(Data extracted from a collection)
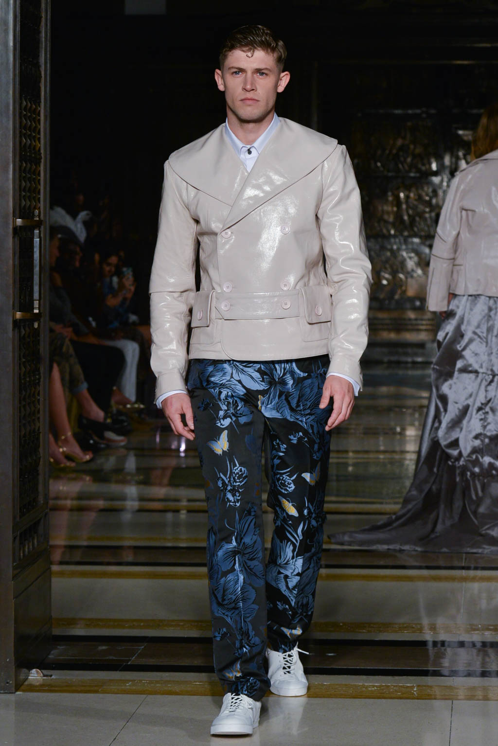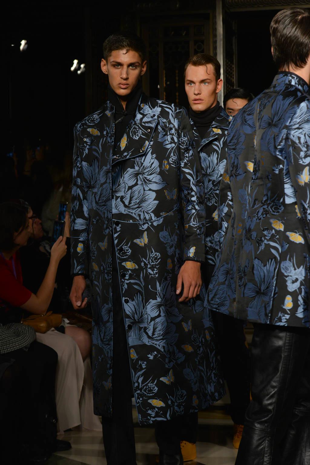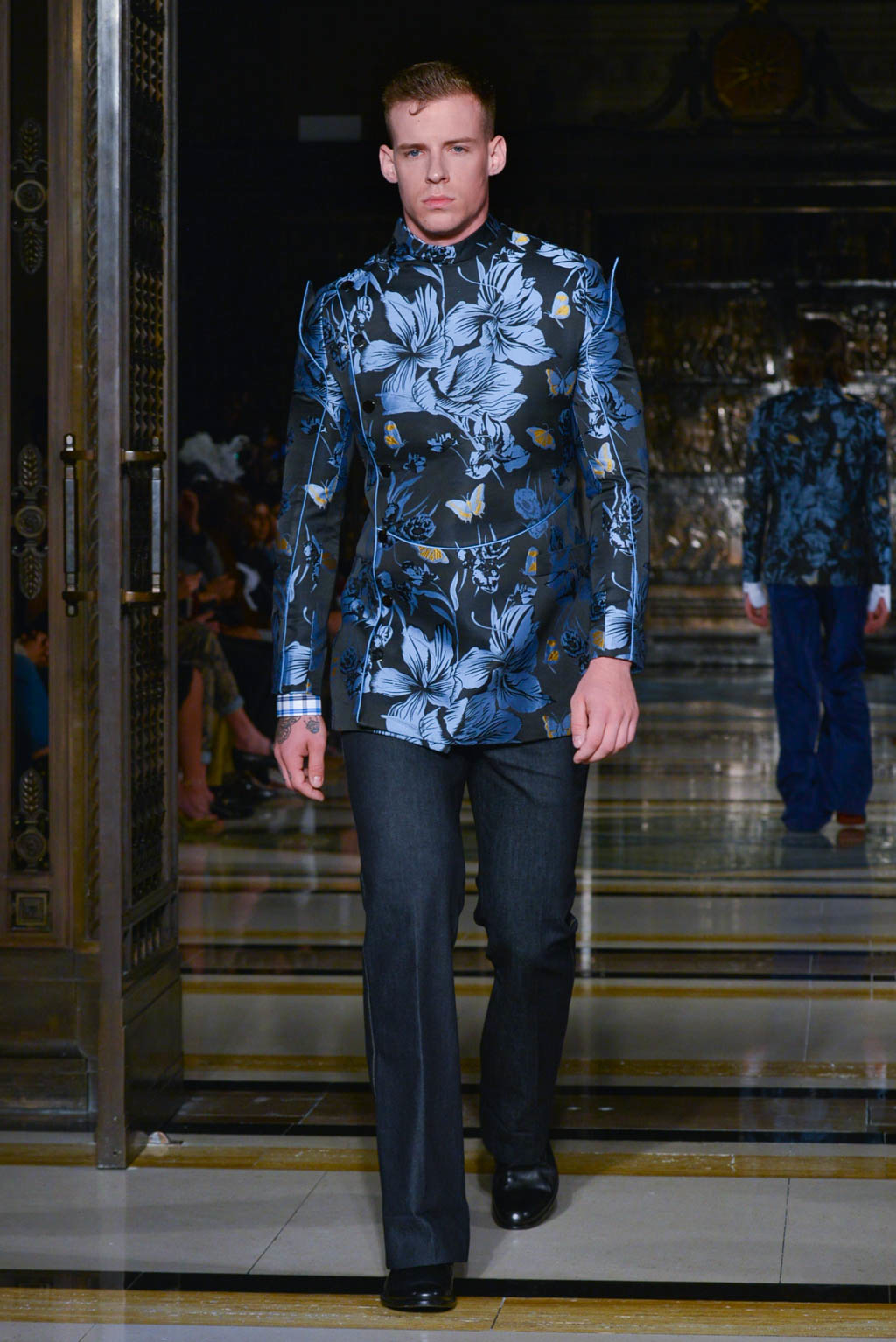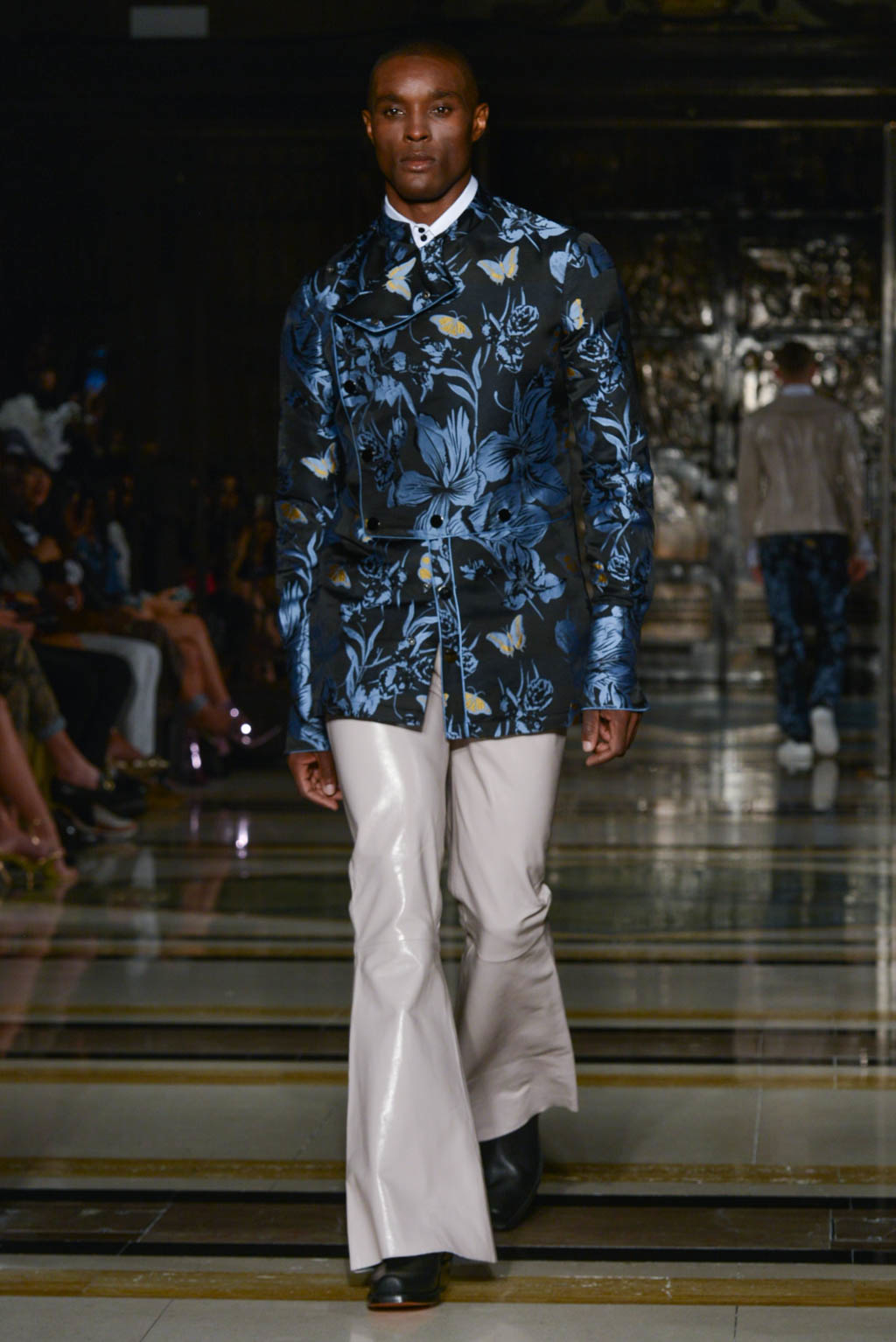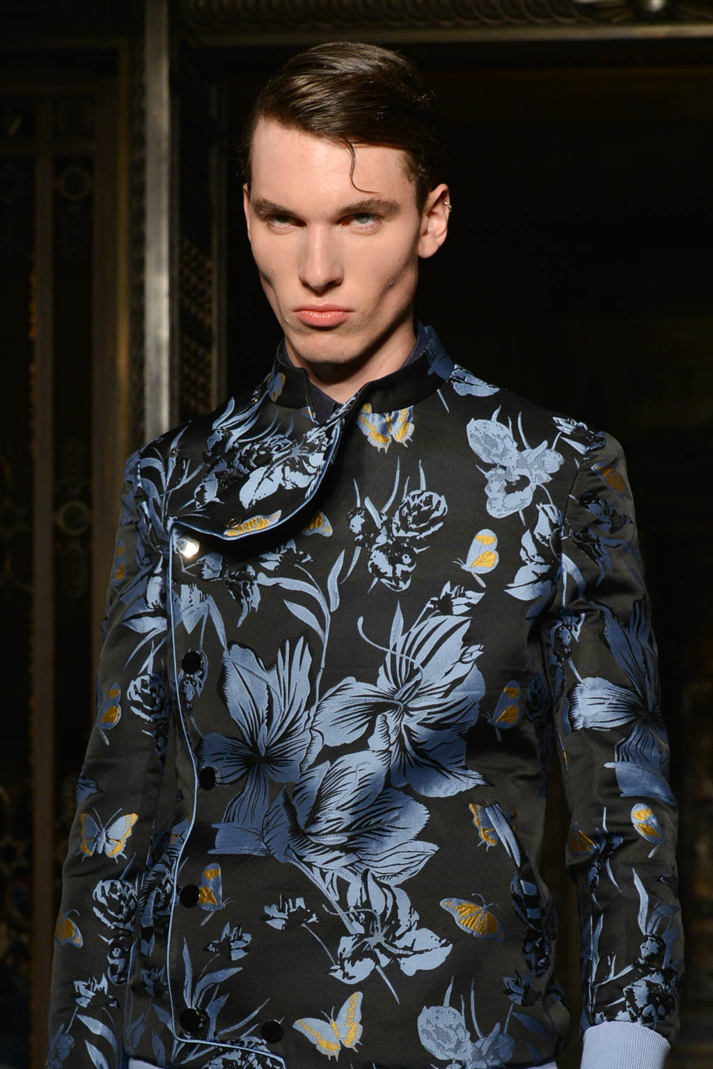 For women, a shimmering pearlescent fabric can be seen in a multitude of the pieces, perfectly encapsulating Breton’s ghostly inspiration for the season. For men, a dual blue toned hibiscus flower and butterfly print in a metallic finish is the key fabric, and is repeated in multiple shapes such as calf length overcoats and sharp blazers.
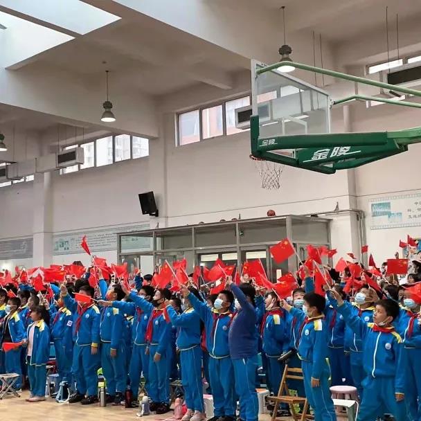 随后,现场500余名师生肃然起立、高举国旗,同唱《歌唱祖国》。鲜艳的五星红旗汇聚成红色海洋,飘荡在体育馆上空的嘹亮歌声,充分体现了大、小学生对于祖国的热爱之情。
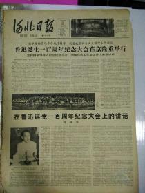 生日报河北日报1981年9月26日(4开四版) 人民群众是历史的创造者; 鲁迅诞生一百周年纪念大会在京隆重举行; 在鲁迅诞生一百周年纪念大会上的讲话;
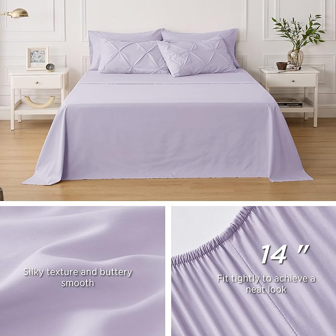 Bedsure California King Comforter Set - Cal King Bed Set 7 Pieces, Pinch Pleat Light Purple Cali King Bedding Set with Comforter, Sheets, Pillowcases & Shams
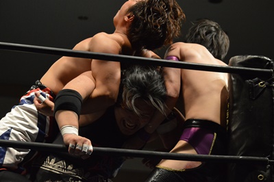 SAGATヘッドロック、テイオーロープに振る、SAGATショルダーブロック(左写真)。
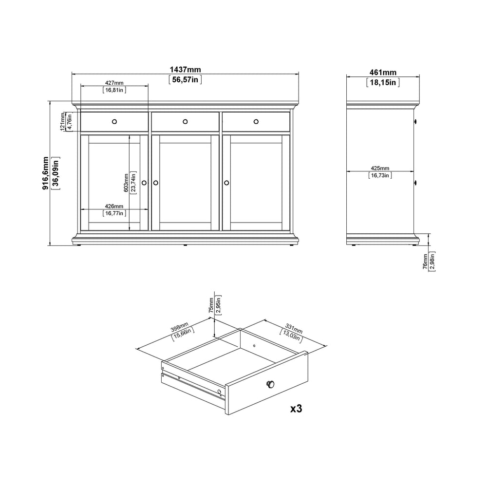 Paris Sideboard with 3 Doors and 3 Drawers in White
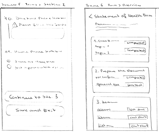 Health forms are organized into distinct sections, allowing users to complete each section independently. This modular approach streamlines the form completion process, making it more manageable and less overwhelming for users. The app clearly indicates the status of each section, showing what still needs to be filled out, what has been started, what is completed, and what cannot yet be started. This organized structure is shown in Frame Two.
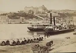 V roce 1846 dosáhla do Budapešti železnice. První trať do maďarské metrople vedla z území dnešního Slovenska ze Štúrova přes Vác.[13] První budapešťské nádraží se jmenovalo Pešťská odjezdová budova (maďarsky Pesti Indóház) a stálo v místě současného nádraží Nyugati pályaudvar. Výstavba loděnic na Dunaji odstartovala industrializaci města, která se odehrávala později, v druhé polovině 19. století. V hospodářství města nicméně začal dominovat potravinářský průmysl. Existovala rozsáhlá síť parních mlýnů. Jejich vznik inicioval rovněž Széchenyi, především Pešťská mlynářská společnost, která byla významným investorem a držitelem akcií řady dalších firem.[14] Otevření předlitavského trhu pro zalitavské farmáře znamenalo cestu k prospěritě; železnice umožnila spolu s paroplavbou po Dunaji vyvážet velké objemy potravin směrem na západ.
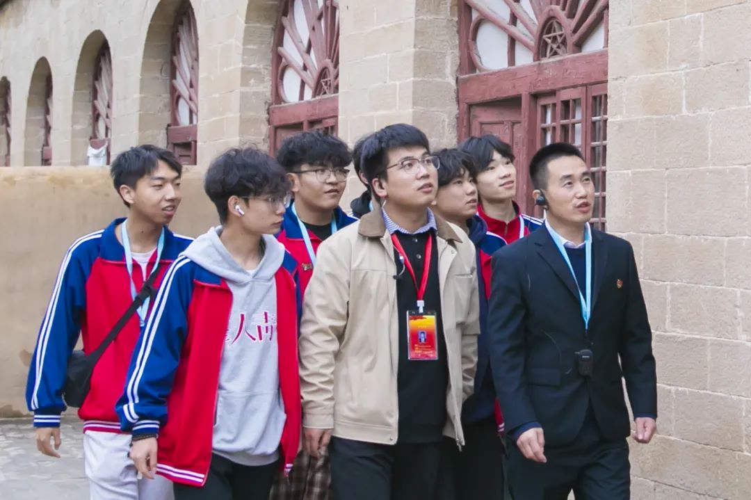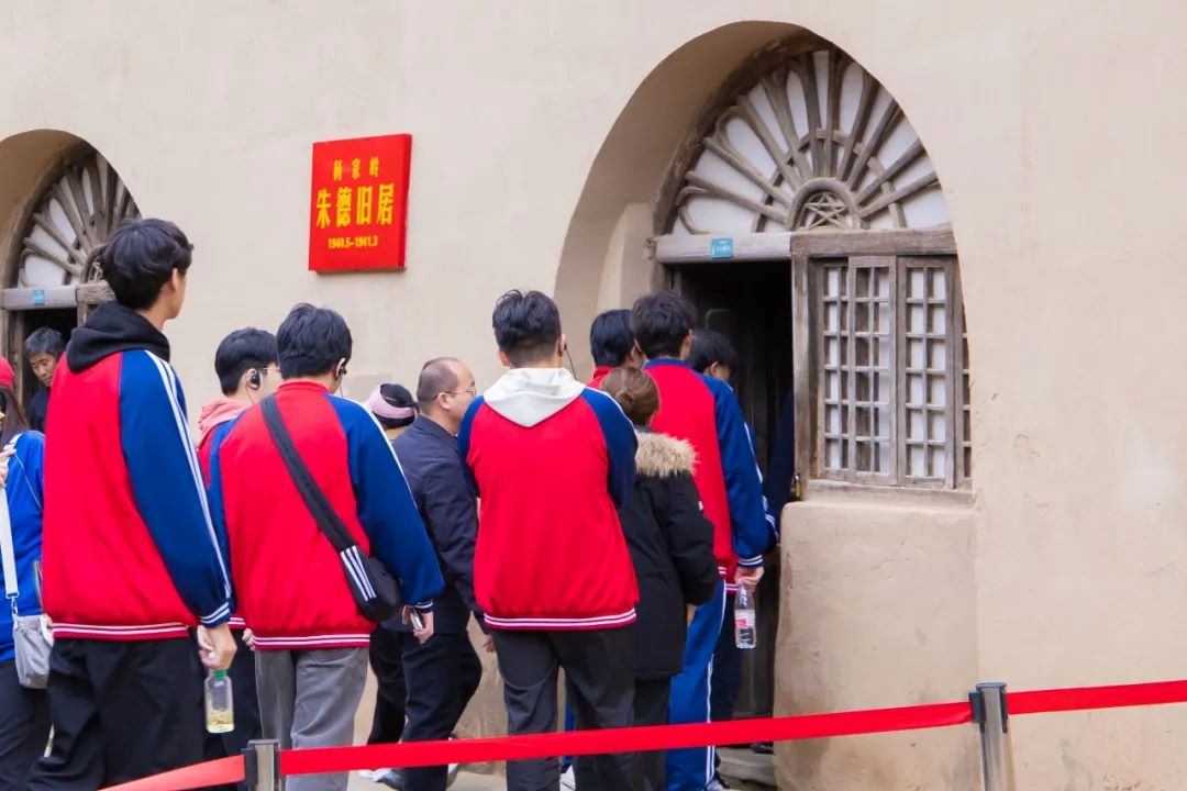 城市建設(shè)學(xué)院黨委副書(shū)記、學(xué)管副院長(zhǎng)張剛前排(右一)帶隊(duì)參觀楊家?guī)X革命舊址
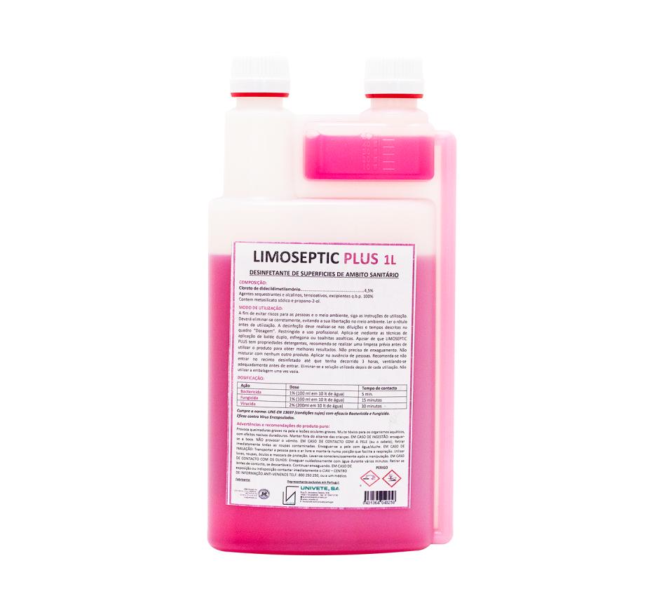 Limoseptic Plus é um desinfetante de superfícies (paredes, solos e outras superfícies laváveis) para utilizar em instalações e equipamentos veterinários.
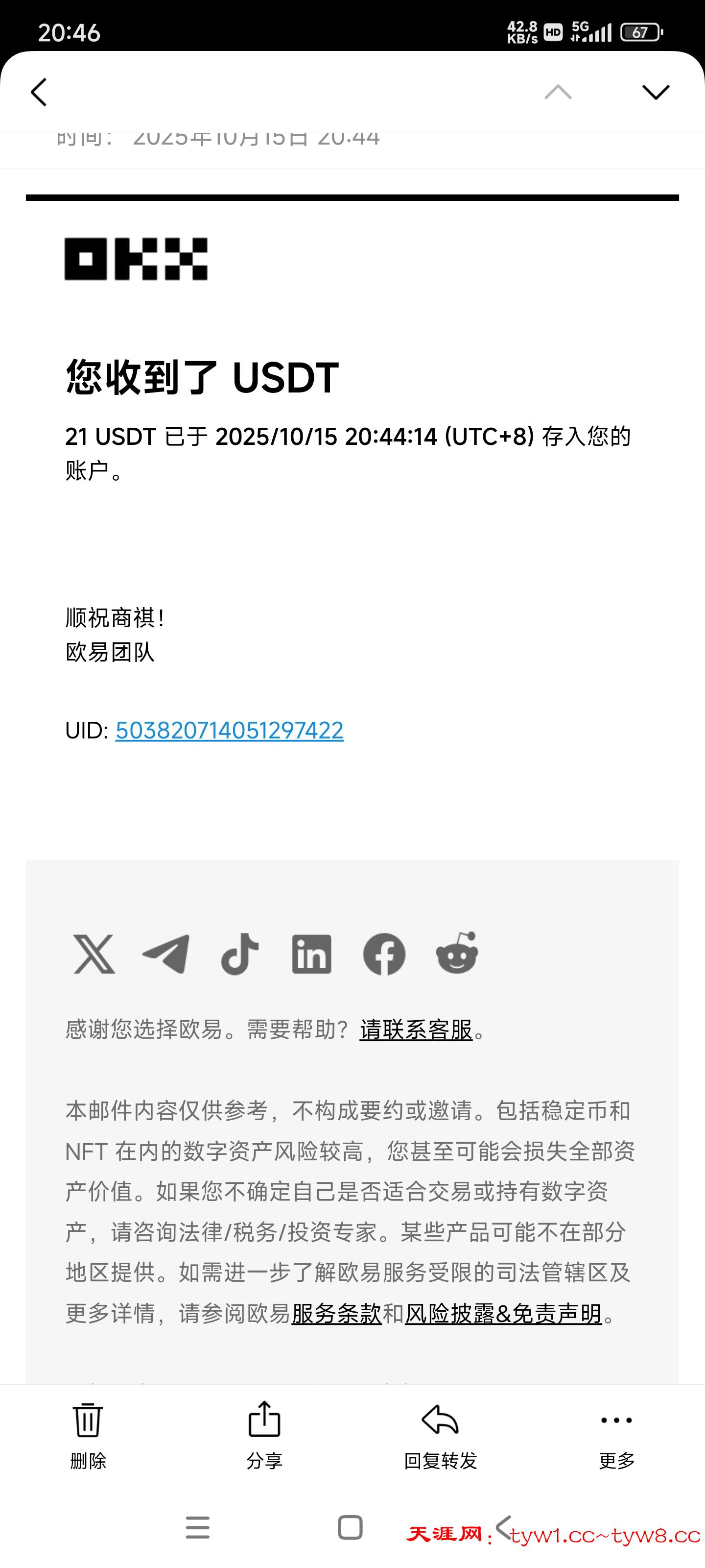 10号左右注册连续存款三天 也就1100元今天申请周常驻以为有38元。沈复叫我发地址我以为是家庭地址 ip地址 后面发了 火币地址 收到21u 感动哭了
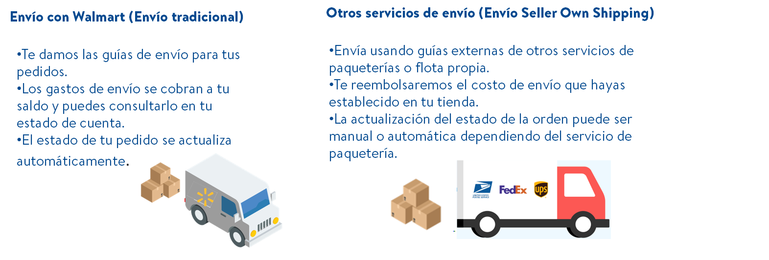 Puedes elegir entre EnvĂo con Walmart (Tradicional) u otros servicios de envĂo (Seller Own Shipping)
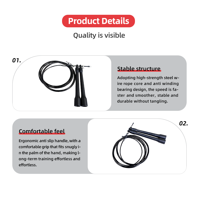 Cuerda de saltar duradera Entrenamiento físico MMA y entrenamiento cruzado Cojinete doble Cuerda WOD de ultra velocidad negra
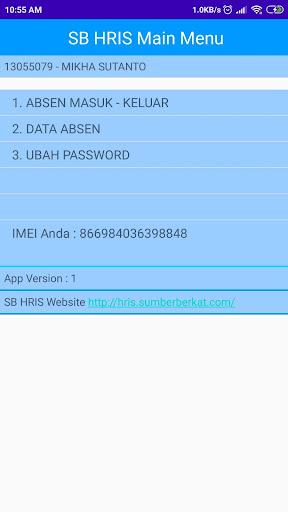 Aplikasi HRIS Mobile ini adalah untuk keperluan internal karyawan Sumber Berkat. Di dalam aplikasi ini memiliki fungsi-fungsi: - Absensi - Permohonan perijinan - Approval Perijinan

• [WHAT IS NEEDED]:
From the opening line of the entries, copy each line exactly until the line with "随后,现场500余名师生肃然", which is copied as well; leave out pictures.

• [RESULT OF THIS EXERCISE]:
 For women, a shimmering pearlescent fabric can be seen in a multitude of the pieces, perfectly encapsulating Breton’s ghostly inspiration for the season. For men, a dual blue toned hibiscus flower and butterfly print in a metallic finish is the key fabric, and is repeated in multiple shapes such as calf length overcoats and sharp blazers.
 随后,现场500余名师生肃然起立、高举国旗,同唱《歌唱祖国》。鲜艳的五星红旗汇聚成红色海洋,飘荡在体育馆上空的嘹亮歌声,充分体现了大、小学生对于祖国的热爱之情。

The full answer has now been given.